Project 3 addresses the problems of (i) opportunistic viral infection and (ii) relapse of B-lineage malignancies after umbilical cord blood transplantation (UCBT). We hypothesize that the incidence of viral infection and leukemia relapse following allogeneic UCBT can be reduced by adoptively transferred donor-derived multi virus-specific cytotoxic T lymphocytes (CTL), genetically modified (transduced) to be specific for the CD19 molecule expressed by leukemic cells. To consolidate UCBT we have designed a chimeric antigen receptor (CAR) to redirect antigen specificity of T cells to the B cell lineage-restricted cell-surface molecule CD19 The virus-specific CTLs from Project 2 will be transduced to express this CAR, resulting in MHC-independent and CAR-dependent activation through chimeric CD28 and CD3-zeta to lyse lymphoid cells, upregulate IL-2, and anti-apoptotic genes in response to CD19. The studies proposed in Specific Aim #1 will evaluate whether UCB-derived multivirus-specific CTLs can be rendered specific for GDI 9 and whether HSV-1 thymidine kinase transgene can be expressed for imaging by positron emission tomography (PET) in immunodeficient mice. Adoptive immunotherapy using non-invasive bioluminescent imaging (BLI) and micro PET will longitudinally asses the persistence of the infused cells, and the anti-tumor effect. Specific Aim #2 will evaluate the feasibility, safety, and persistence of infusing multivirus-specific CTLs modified to express CAR CD19-specific after UCBT. The correlative studies will delineate the (i) magnitude and duration of persistence, (ii) trafficking, and (iii) anti-viral and anti-leukemic effects of adoptively transferred CTLs. In preparation for human PET T-cell imaging, in Specific Aim #3, we will develop a nonhuman primate model Monkey-derived T cells will be genetically modified with CARs and TK, and infused. Longitudinal PET imaging using [18FJFEAU, metabolized by thymidine kinase (TK) will be used to evaluate the distribution of these adoptively transferred macaque T cells.
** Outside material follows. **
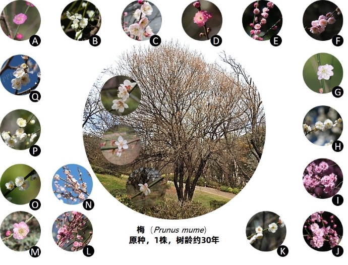 昆明植物园已鉴定梅花品种(制图:高富) (A:白须朱砂 (Prunus mume ‘Baixu Zhusha’);B:变绿萼 (Prunus mume ‘Bian Lü-e’);C:飞蝶 (Prunus mume ‘Feidie’);D:丰后 (Prunus mume ‘Fenghou’);E:红怀抱子 (Prunus mume ‘Honghuai Baozi’);F:昆明宫粉 (Prunus mume ‘Kunming Gongfen’);G:六瓣淡粉 (Prunus mume ‘Liuban Danfen’);H:龙潭玉蝶 (Prunus mume ‘Longtan Yudie’);I:美人梅 (Prunus mume ‘Meiren Mei’);J:水朱砂 (Prunus mume ‘Shui Zhusha’);K:素白台阁 (Prunus mume ‘Subai Taige’);L:桃红朱砂 (Prunus mume ‘Taohong Zhusha’);M:晚粉抱子 (Prunus mume ‘Wan Yun’);N:小宫粉 (Prunus mume ‘Xiao Gongfen’);O:小绿萼 (Prunus mume ‘Xiao Lü-e’);P:复瓣绿萼 (Prunus mume ‘Fuban Lü-e’);Q:江梅 (Prunus mume ‘Jiang Mei’);其中,梅,原种植株照片作者为高富;C照片作者为华珊;Q照片作者为黄汉文;其他照片作者均为文妍莉。)

In aggregate, the results of the studies will facilitate the evolution of targeting post-UCBT MRD with viral- and CD19-specific CTLs for enhanced disease-free survival of patients with B cell malignancies.
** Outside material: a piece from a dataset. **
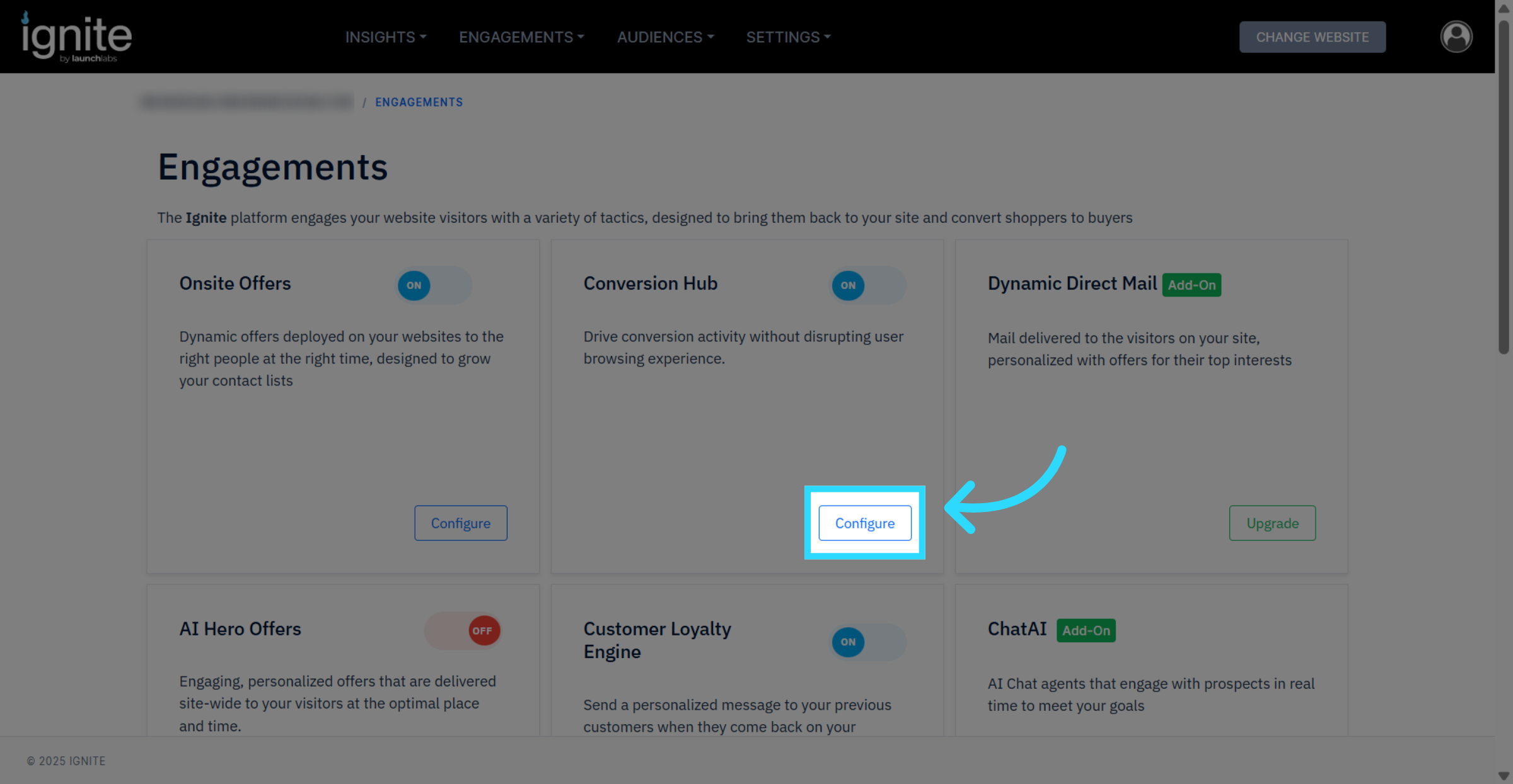 On the Engagements page, find Conversion Hub and confirm that it is toggled ON.

项目 3 解决 (i) 机会性病毒感染和 (ii) 脐带血移植 (UCBT) 后 B 系恶性肿瘤复发的问题。我们假设，通过过继转移供体来源的多病毒特异性细胞毒性 T 淋巴细胞 (CTL)，对白血病细胞表达的 CD19 分子进行基因改造（转导），可以降低同种异体 UCBT 后病毒感染和白血病复发的发生率。为了巩固 UCBT，我们设计了一种嵌合抗原受体 (CAR)，将 T 细胞的抗原特异性重定向到 B 细胞谱系限制的细胞表面分子 CD19。项目 2 中的病毒特异性 CTL 将被转导以表达该 CAR，从而产生通过嵌合 CD28 和 CD3-zeta 进行不依赖 MHC 和 CAR 依赖的激活，裂解淋巴细胞、上调 IL-2 和抗凋亡基因，以响应CD19。具体目标#1中提出的研究将评估UCB衍生的多病毒特异性CTL是否可以对GDI 9具有特异性，以及HSV-1胸苷激酶转基因是否可以在免疫缺陷小鼠中通过正电子发射断层扫描（PET）进行成像。使用非侵入性生物发光成像 (BLI) 和微型 PET 的过继免疫疗法将纵向评估输注细胞的持久性和抗肿瘤效果。具体目标#2 将评估 UCBT 后输注经过修饰以表达 CAR CD19 特异性的多病毒特异性 CTL 的可行性、安全性和持久性。相关研究将描述（i）持续性的程度和持续时间，（ii）贩运，以及（iii）过继转移的 CTL 的抗病毒和抗白血病作用。为了准备人类 PET T 细胞成像，在具体目标 #3 中，我们将开发一种非人类灵长类动物模型，猴源 T 细胞将用 CAR 和 TK 进行基因改造，并进行输注。使用由胸苷激酶 (TK) 代谢的 [18FJFEAU] 进行的纵向 PET 成像将用于评估这些过继转移的猕猴 T 细胞的分布。总的来说，这些研究结果将促进用病毒和 CD19 特异性 CTL 靶向 UCBT 后 MRD 的发展，以提高 B 细胞恶性肿瘤患者的无病生存率。